The opportunities of citizen-centred and citizen-empowering data sharing can therefore be opened up immediately and at very low cost. What’s more, it does not involve the Government in some grand new multi-billion pound, greenfield, IT project that will inevitably overrun in terms of both time and cost while failing to deliver its promises. It is ideally suited for roll-out in an incremental test-and-learn manner, use-case by use-case, service by service, with momentum (and impacts) multiplying over time.
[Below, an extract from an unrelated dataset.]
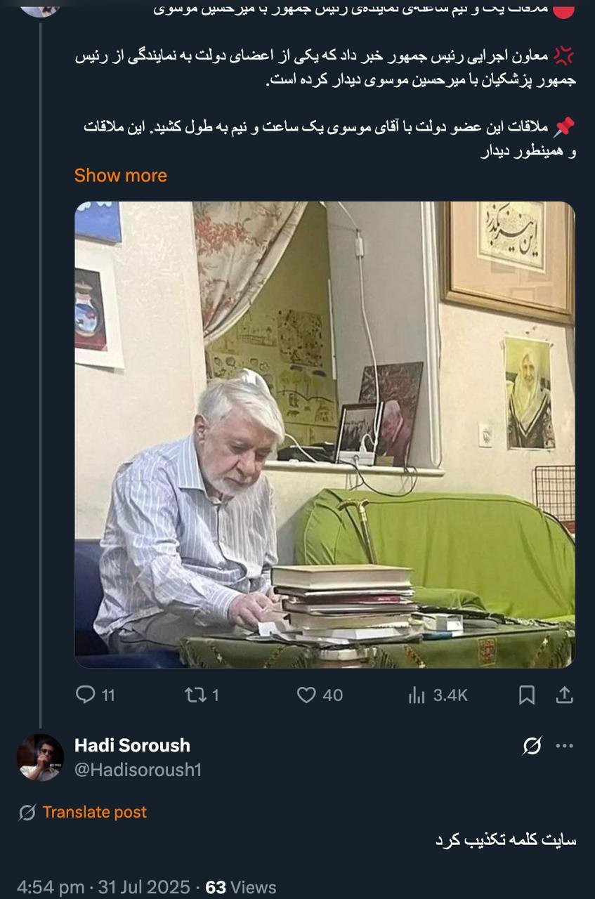 Home/PoliticsThe Executive Vice President officially announces that the President's representative has met; The kalameh denies! What is the story really?Read1 minute -Thursday 2025/07/31 - 22:14News Code:21833Share سایت کلمه تکذیب کرد— Hadi Soroush (@Hadisoroush1) July 31, 2025🔴 درودمعاون اجرایی رییس جمهور رسماً اعلام میکند نماینده رییس جمهور دیدار داشته؛ کلمه تکذیب میکند!🔸داستان واقعا چیست؟— AbdiMedia - Abdollah Abdi (@abdolah_abdi) July 31, 2025 Take less than a minute, register and share your opinion under this post.Insulting or inciting messages will be deleted.Sign UpComming Up Next I remembered Dr. Sadegh Zibakalam's speech about six months ago, when he said: If we enter into a military conflict, whether the system remains or not, not a single electric pole will remain intact in Iran - are you listening?خواندن 0 If this public announcement is not hindered like other parts of the system's security megaproject, yesخواندن 1 minute Regardless of the result of the establishment or non-continuation of the establishment of the Islamic Republic; Should the main leadership option after Ayatollah Khamenei be acted in this way?خواندن 1 minute According to the significant custom of the seminary and jurisprudence, now we have to see which jurist will perform the funeral prayer for Ayatollah Khamenei?خواندن 1 minute In the news of his appointment, I wrote that he is the commander of the camp at the same time as the deputy commander of the army corpsخواندن 1 minuteMost ReadMemories of Akbar Hashemi - February 20, 2000 - Meeting with Abdullah Jasbi and Concerns About Election ResultsMovie / Where is Commander Morteza Talaie?Akbar Hashemi's memoirs - 1999 September 10 - The two-person political negotiations with Vaez Tabasi continued until he was escorted to Tehran, where Hashemi apparently decided to seriously participate in the sixth parliamentary elections.The records of the recent periods of the Islamic Council showed that the parliament is not in charge of affairs and cannot interfere or pass resolutions on the authority of the Commander-in-Chief of the Armed Forces at any level, let alone supervise.What will be the future of Iran with the announced candidates for the presidential election? / Conversation with Dr. Taghi Azad AramakiCan I feel tired with you?A Basiji veterinarian was appointed head of the health network instead of an otolaryngologist.Akbar Hashemi's memoirs - 1999 September 5 - The meeting of the senior managers of the judiciary with Hashemi Rafsanjani and their complaint about the neglect of Hashemi Shahroudi, the new head of the judiciary, continues.Memories of Akbar Hashemi - 1999 September 7 - In continuation of the efforts of the late Vaez Tabasi, who used to encourage Hashemi to participate in the elections in frequent meetings, this time he also met with Hashemi.Akbar Hashemi's memories - 1999 September 9 - Continued visits to the belongings, buildings and works of Astan Quds

 If implemented first in the public sector, the costs involved in the initial pump-priming investment will be quickly outstripped by the productivity improvements and cost savings unleashed. These cost reduction and insight benefits, while starting in the public sector, can spread quickly to the private sector helping firms to reduce their cost base while driving innovation and growth, thereby growing the tax base.

Conclusion 

The First Minister has an awful lot on his plate, as does Scotland itself. Data is a pivotal asset in the modern economy, and the new First Minister has the opportunity to unleash the power of data in a way that helps address most, if not all of the Scottish Government’s current priorities. Given the intense pressure on budgets and resources, the First Minister needs to find interventions that help tackle many different priorities all at the same time.

Citizen-empowering reform of personal data is one such intervention.

Alan Mitchell is Chairman of Mydex CIC, which advised the Scottish Government on the vision and operation of the Scottish Attribute Provider strategy.